Hey guys,
@lexvil and
@stuartv,
What do you think of a casted solid lead block with 11” center attachment points recessed to allow for nuts.
Cast it with the curve to follow the plate and a concave outer surface for the tank and thicker at the bottom to keep the angle. Bolt it on over the wing. Think it would work?
I think that would work. I would make sure to made the recessed points big enough to allow for wing nuts, if the user wanted to. Probably with a lock washer.
The only thing I would be concerned about is if the lead would be soft enough to eventually deform from having a tank strap pulling a tank really hard against it. I'm not saying it would. I don't know. I just know that lead is supposed to be softer than steel.
What about, instead of replacing the tank rail with a solid lead version, you just cast a big weight to fit between the plate and tank rail. It would have indents to line up with the rails and the cross piece in the rails that would hold it captured in place once the tank rail is bolted on.

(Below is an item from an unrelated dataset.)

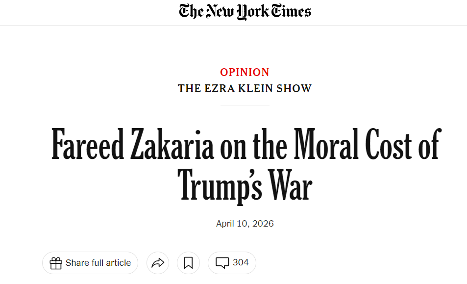 4月10日,扎卡里亚在其发表在《华盛顿邮报》上的署名文章中进一步剖析了美国领导人的“交易本质”,揭示了美国对权力的病态理解。
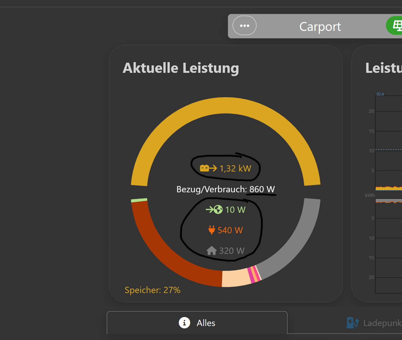 Siehe Bild Es müsste alles auf Carport stehen da nur mit dem Carport Ladepunkt geladen wurde .

Another option might be to focus on putting weight on either side of the center of the plate - in that area of the wing's center panel that doesn't have bladder. One example: If you had a thing like this Soft STA:
OMS Soft Stabilizing Adapter
But, where it has the two side rolls, you took those out and replaced whatever is there with lead rods, instead.
Or, going back to the earlier idea, what about casting a lead weight that fills up the space under the center rail and then just sticks up higher on the outside sides of the rail. It could be pretty wide, and the center rail would hold it in place. The bottom of it could even curve up away from the plate, to keep it from holding the wing down flat to the plate in the middle. Sort of like it's cradling your tank. You could probably get 8 - 10# of lead in there that way, if you wanted a weight that heavy.